In a recent PSL call, we discussed improving the age variable on the PUF, which is currently brought over in the CPS match. This discussion followed a comment from @jdebacker about needing to use the CPS as a source of primary taxfiler data rather than the PUF in a recent report using OG-USA.

@MaxGhenis suggested the possibility of imputing age from the CPS rather than obtaining during the match.

I recently found a snippet on TPC's approach in this report at pg 180:

TPC uses cross-tabulations by age, fling status, and income provided by SOI to impute the ages of taxpayers and dependents to the LAPUF. TPC then performs a constrained statistical match between the LAPUF and the 2012 CPS.

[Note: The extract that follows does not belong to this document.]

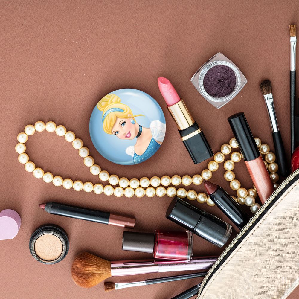 آینه های جیبی سیندرلا Cinderella خندالو دایره ای به قطر 7.5 سانتی متر می باشد که نه خیلی بزرگ و غیر قابل استفاده در کیف آرایشی ست و نه خیلی کوچک که تصویر خاصی در آن مشاهده نشود. سایزی استاندارد و کارآمد دارد و مناسب قرار گیری در کیف لوازم آرایش و کیف های کوچک دستی نیز هست.

Another snippet is available in the TPC model FAQ:

We use cross-tabulations of age, filing status, and income sources we obtained from SOI to implement a raking algorithm to impute the ages of taxpayers and their dependents on to the LAPUF.

The closest published cross-tabulations I could find from SOI are in Individual Complete Report (Publication 1304), Table 1.6, and the latest data is for 2017. But, "provided by," and "obtained from", sound like TPC may be using non-public data from SOI.

[MaxGhenis]

I applied synthimpute to impute age in the CPS here. Rather than going to the PUF, it imputes on a holdout set of the CPS for evaluation (I didn't check that the x's are in the PUF yet).

Average age is 0.33 years too high, and standard deviation is 3.2 years too low. If comparison procedures like matching could predict quantiles, I think quantile loss would be the ideal evaluation metric; at that point, it's just selecting a uniform random quantile. Could the matching return the values for the nearest k records, and consider those the quantile range?

In general, my hunch is that matching will understate the conditional variance (may overfit too), and this will probably result in lower total variance too, but that'll only be part of the full picture. Random forests also understated variance in this experiment, so we'll have to compare, but I'd expect it to do better. We can also add variance manually based on performance on holdouts (Tetlock has recommended this for forecasting in general, though I can't find his quote atm).

Raking would be a good complement to this, and it's implemented in Python at https://github.com/Dirguis/ipfn. I'm not sure whether it's better to rake before imputing as TPC did, or vice versa, given we only have age ranges to rake on, but either way we'd need to impute also.